Salia received a blood donation from an anonymous donor, along with the experimental drug ZMapp, but died less than 36 hours later.

Brincidofovir, made by Chimerix of North Carolina, was given to Mukpo, Liberian national Thomas Eric Duncan and physician Craig Spencer. Mukpo and Spencer survived. Duncan received the drug just a couple of days before he died.

Hotez said doctors should expand the use of plasma donations to fight Ebola.

"The problem is whether there is sufficient infrastructure in the affected areas of West Africa to ensure that survivors can be registered and their blood banked appropriately and then screened for adventitious agents to avoid blood-borne transmissible agents such as HIV, hepatitis C and hepatitis B," Hotez said. "So any technology that facilitates this, especially in a resource-poor setting, is welcome."

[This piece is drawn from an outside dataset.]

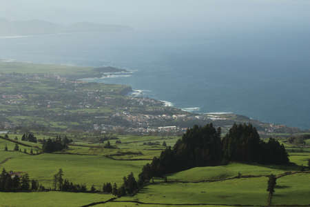 Sunset over the South Coast of Sao Miguel island in the Azores. Golden hour landscape of Sao Miguel island, Azores, Portugal

Hotez said researchers also should look into isolating just the antibodies from donors. These preparations, called immune globulins, can be given to anyone, regardless of blood type.

At least15,145 people have been infected with Ebola in Sierra Leone, Guinea and Liberia, and 5,420 have died, according to the World Health Organization. About 90% of all Ebola cases ever reported have occured during this outbreak, said Jennifer Kates, vice president and director of global health and HIV policy at the Kaiser Family Foundation.

Among health care workers, 584 have been infected and 329 have died.

The outbreak has caused West African health systems to collapse and has devastated their economies. The three hardest hit countries — Guinea, Liberia and Sierra Leone — are among the poorest in the world. A report released today from the World Bank finds that nearly half of Liberia's workforce is unemployed.